**What you will do**
Only the lines below from the one containing "玄関網戸設置リフォームをさせて頂きました。 枠を取り付け簡単施工! 不要な時は簡単に取り外せ、水洗いできます。" through the one containing "apple dress etc." belong in the answer, repeated exactly and without pictures.

**Source information**
+ + + + + + +
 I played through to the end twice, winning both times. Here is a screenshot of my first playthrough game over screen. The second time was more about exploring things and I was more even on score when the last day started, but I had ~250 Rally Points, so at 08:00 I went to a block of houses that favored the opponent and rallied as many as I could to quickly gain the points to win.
+ + + + + + +
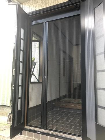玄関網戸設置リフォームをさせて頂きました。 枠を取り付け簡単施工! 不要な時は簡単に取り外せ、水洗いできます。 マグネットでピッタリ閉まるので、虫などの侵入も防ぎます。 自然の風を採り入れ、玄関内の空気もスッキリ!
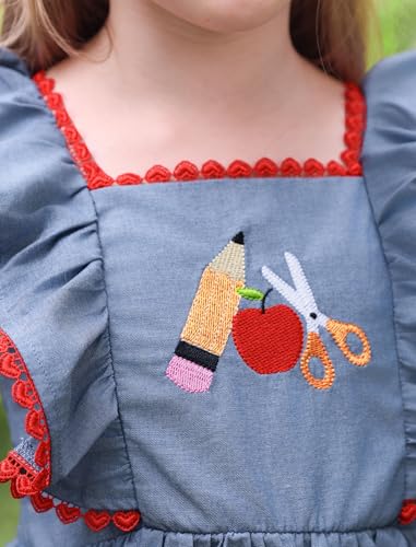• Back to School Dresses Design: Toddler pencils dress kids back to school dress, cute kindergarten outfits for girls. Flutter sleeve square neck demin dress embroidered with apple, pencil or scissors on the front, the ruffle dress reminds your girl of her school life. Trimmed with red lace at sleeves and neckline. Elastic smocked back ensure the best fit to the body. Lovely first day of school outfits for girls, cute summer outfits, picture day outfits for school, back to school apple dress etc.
+ + + + + + +
**Solution**
玄関網戸設置リフォームをさせて頂きました。 枠を取り付け簡単施工! 不要な時は簡単に取り外せ、水洗いできます。 マグネットでピッタリ閉まるので、虫などの侵入も防ぎます。 自然の風を採り入れ、玄関内の空気もスッキリ!
• Back to School Dresses Design: Toddler pencils dress kids back to school dress, cute kindergarten outfits for girls. Flutter sleeve square neck demin dress embroidered with apple, pencil or scissors on the front, the ruffle dress reminds your girl of her school life. Trimmed with red lace at sleeves and neckline. Elastic smocked back ensure the best fit to the body. Lovely first day of school outfits for girls, cute summer outfits, picture day outfits for school, back to school apple dress etc.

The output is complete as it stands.